Task to carry out. In the listing below, find the line with "gonna be some" and the line with "Trench in pelle", then return them and every line between them exactly, minus the pictures.

Data in this exercise.

- - - -

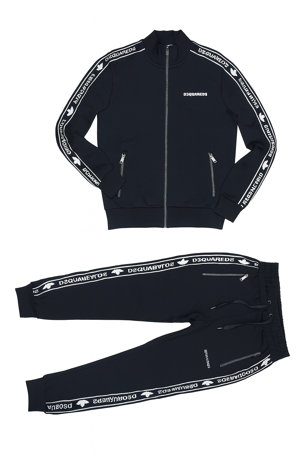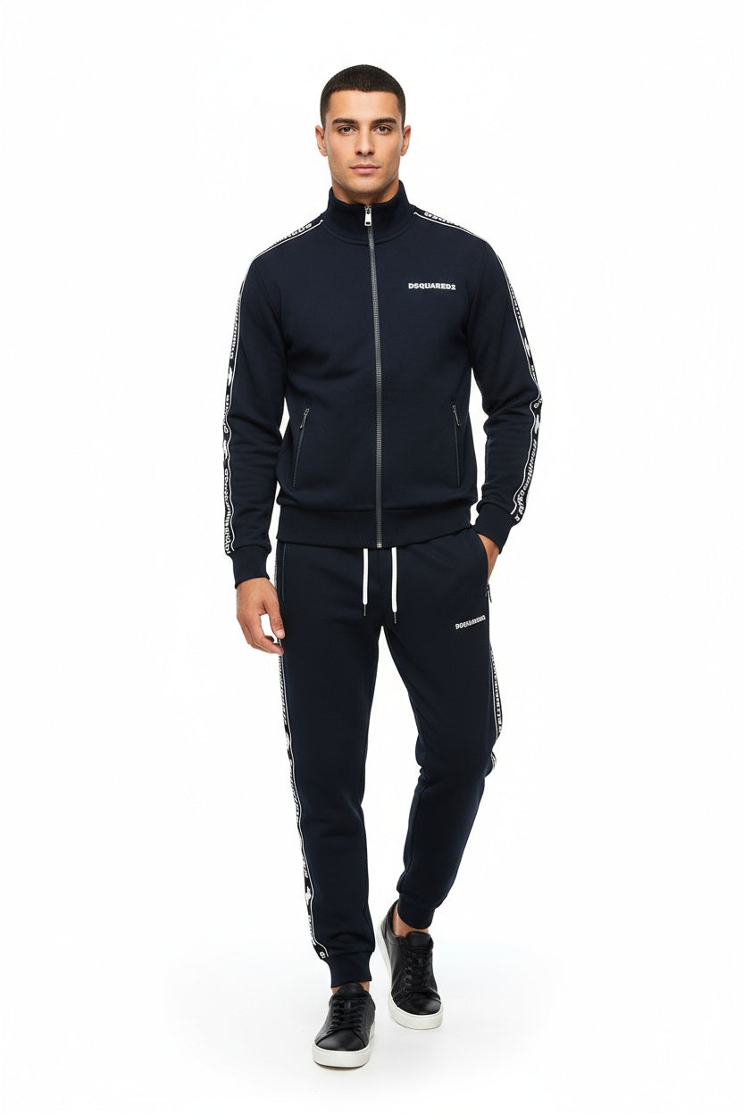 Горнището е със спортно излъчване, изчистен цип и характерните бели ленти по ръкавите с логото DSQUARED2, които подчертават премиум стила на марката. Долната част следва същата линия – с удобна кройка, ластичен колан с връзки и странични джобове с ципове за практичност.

- - - -

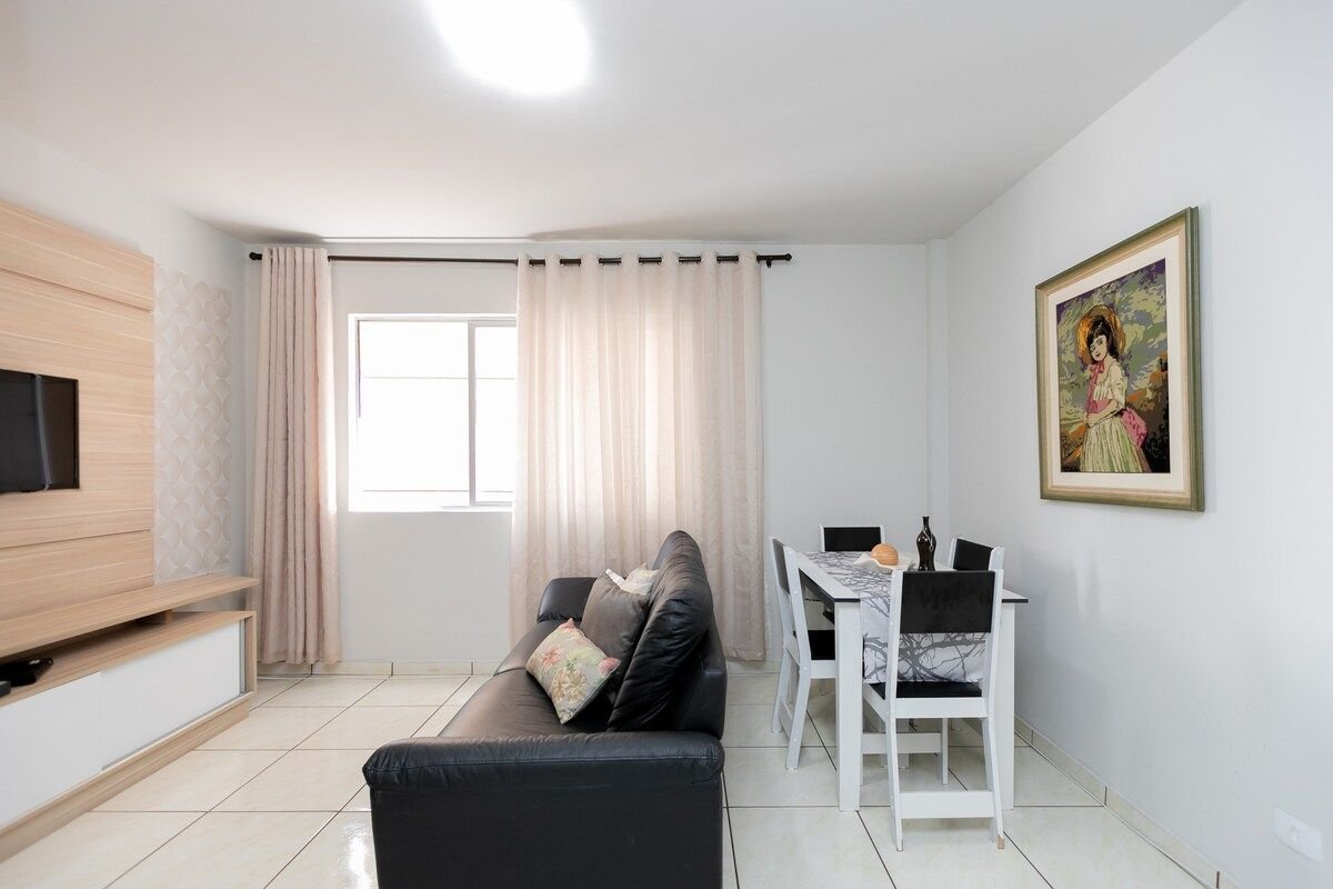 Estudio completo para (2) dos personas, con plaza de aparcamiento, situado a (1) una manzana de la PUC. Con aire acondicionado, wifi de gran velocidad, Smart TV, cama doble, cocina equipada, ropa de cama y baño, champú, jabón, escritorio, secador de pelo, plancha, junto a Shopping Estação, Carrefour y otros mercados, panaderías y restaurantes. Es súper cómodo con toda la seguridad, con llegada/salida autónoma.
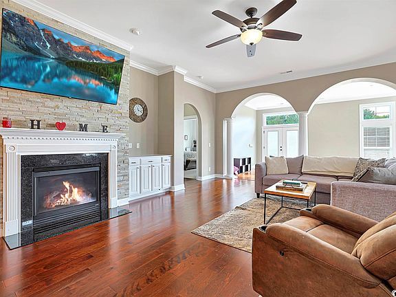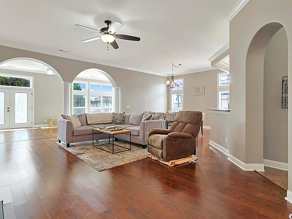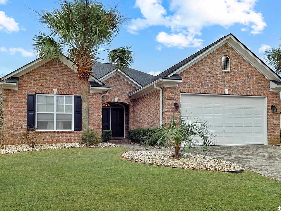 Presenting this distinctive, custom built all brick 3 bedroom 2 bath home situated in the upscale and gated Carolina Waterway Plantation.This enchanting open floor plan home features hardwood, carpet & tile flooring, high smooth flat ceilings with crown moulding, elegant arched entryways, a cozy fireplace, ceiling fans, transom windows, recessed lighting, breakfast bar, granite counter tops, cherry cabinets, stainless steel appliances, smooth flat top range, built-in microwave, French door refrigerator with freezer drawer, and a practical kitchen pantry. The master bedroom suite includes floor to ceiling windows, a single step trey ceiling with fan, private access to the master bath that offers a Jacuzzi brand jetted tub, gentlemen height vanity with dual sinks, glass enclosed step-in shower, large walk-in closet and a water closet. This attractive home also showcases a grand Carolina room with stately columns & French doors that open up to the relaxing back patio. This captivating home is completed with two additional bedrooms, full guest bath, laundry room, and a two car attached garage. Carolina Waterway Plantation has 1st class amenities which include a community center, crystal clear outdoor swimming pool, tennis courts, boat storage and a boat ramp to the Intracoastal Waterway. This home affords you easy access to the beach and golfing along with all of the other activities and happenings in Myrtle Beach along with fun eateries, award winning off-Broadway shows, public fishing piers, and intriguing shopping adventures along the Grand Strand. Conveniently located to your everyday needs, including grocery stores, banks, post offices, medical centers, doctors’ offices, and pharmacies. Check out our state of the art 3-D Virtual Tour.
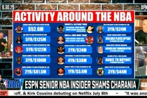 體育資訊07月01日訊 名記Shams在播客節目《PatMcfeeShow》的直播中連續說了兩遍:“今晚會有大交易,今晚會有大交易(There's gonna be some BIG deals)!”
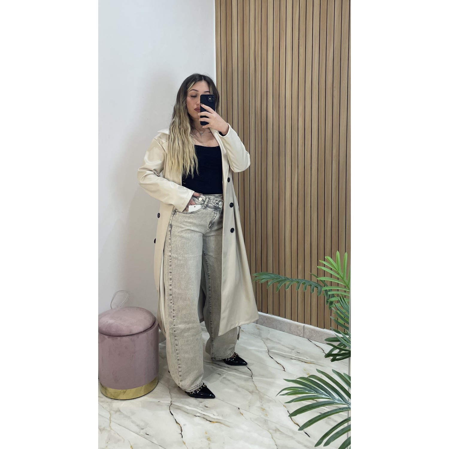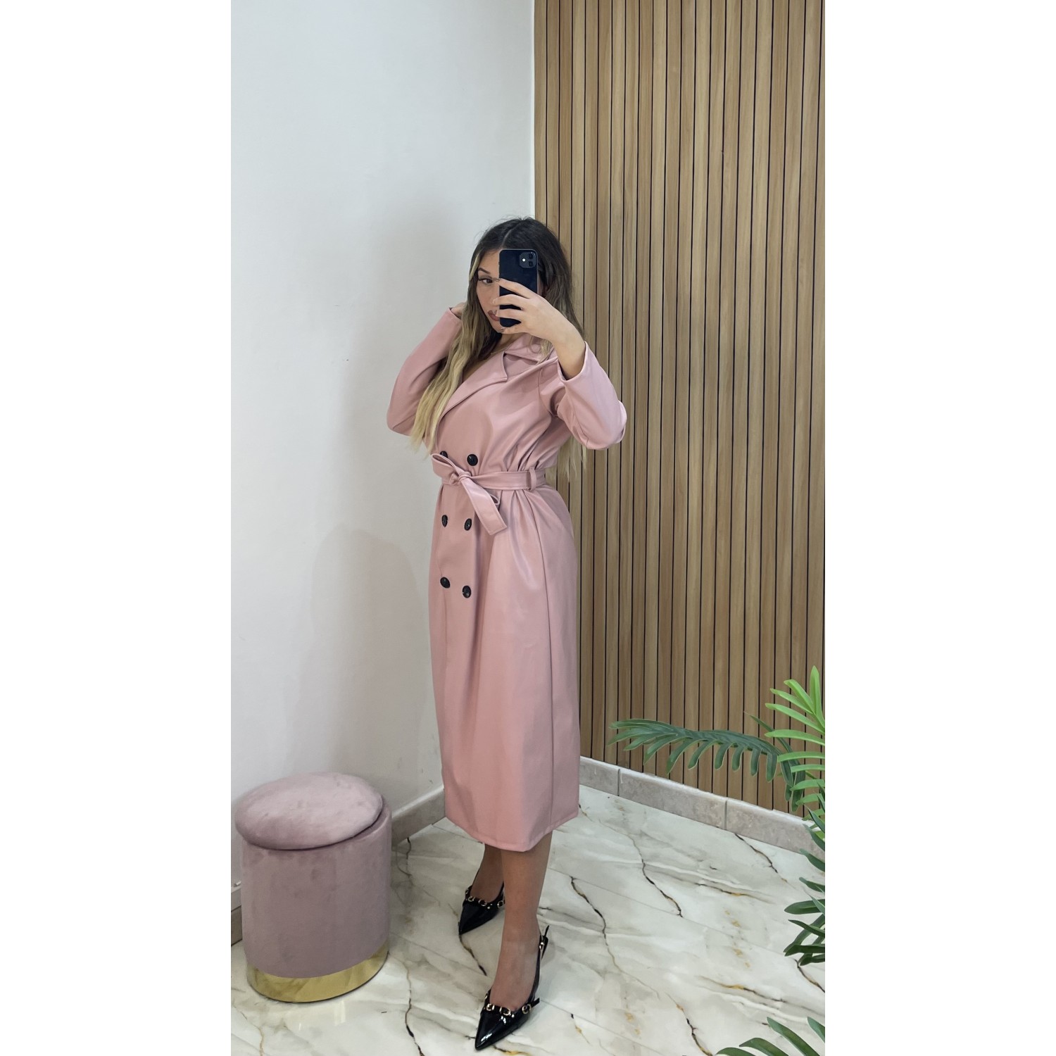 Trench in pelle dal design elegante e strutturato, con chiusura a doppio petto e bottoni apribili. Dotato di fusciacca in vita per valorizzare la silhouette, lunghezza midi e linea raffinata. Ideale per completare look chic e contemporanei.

- - - -

Worked solution.
 體育資訊07月01日訊 名記Shams在播客節目《PatMcfeeShow》的直播中連續說了兩遍:“今晚會有大交易,今晚會有大交易(There's gonna be some BIG deals)!”
 Trench in pelle dal design elegante e strutturato, con chiusura a doppio petto e bottoni apribili. Dotato di fusciacca in vita per valorizzare la silhouette, lunghezza midi e linea raffinata. Ideale per completare look chic e contemporanei.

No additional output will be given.